Джей поискал в памяти и не нашел ничего, кроме привычного расстройства. Годы, проведенные на чужой земле, вдали от человеческого жилища, одиночество и тоска. «Отец меня покинул. Он упал с самолета и я никогда больше его не видел. И я ненавижу его за то, что он покинул меня…»
Но отец не покинул его. Он разбил самолет, пытаясь спасти их обоих. Ничьей вины тут нет…
«Кроме отца. Потому, что он пытался перелететь через Хеллеры, где никто из людей…»
Он не принадлежит этому миру. Хотя Следопыты, о которых он думал ненамного лучше, чем о диких зверях, приняли чужого ребенка в свой город, в свои дома, в свои сердца. Они любили его. А он…

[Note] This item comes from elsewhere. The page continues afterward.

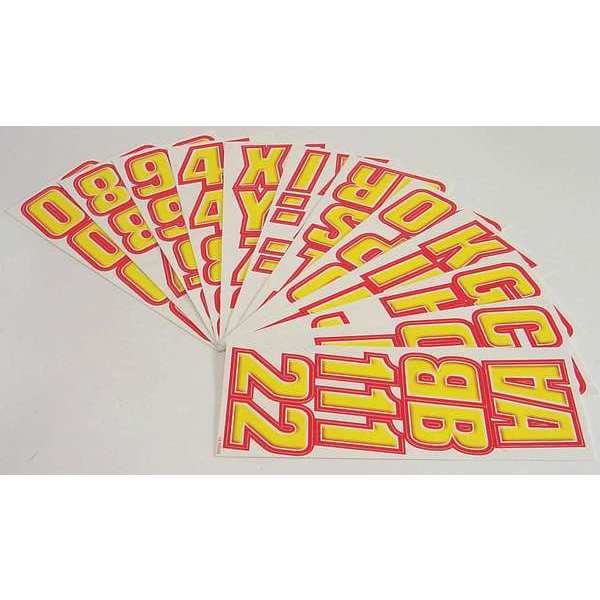 Letter and Number Label Set, Adhesive Type Permanent Adhesive, Application General Identification, APWA Compliant Color Not Applicable, Background Color Not Applicable, Character Color Red/Yellow, Character Height 2 in, Character Outline Color Red, Character Type Letters/Numbers, Characters Included 0 to 9; A to Z, Die Cut Yes, Embossed No, Font Proprietary, Includes (2) Set of A to Z Characters, (4) Set of 0 to 9 Characters, Indoor/Outdoor Usage Indoor/Outdoor, Letter Casing Not Applicable
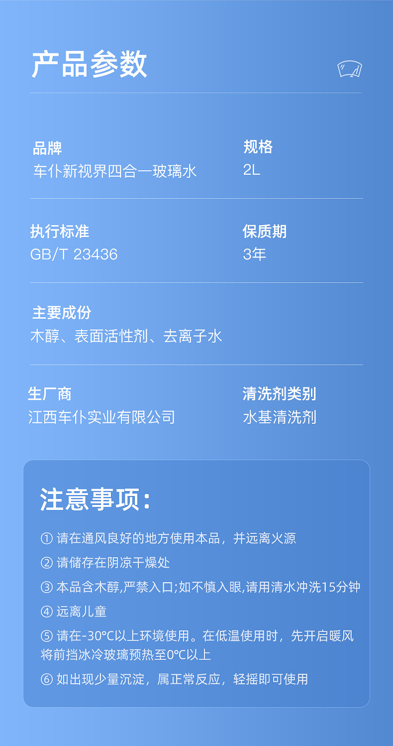 车仆新视界四合一玻璃水 强力去污 除油膜 快干无痕

— И я любил их. — Я обнаружил, что говорю почти вслух. Затем увидел, что Кила схватила меня за руку, изучающе глядя в лицо. Я потряс головой.
— В чем дело?
— Вы меня напугали, — сказала она дрожавшим голоском и я вдруг понял что случилось. Я затрясся от свирепой ненависти к доктору Элисону. Он не может сделать даже малой толики того, что могу сделать я, но все же исхитряется выползти из мозга. Как он, должно быть, меня ненавидит! Но будь я проклят, если хотя бы наполовину так, как я его! Он чуть ли не до смерти запугал Килу!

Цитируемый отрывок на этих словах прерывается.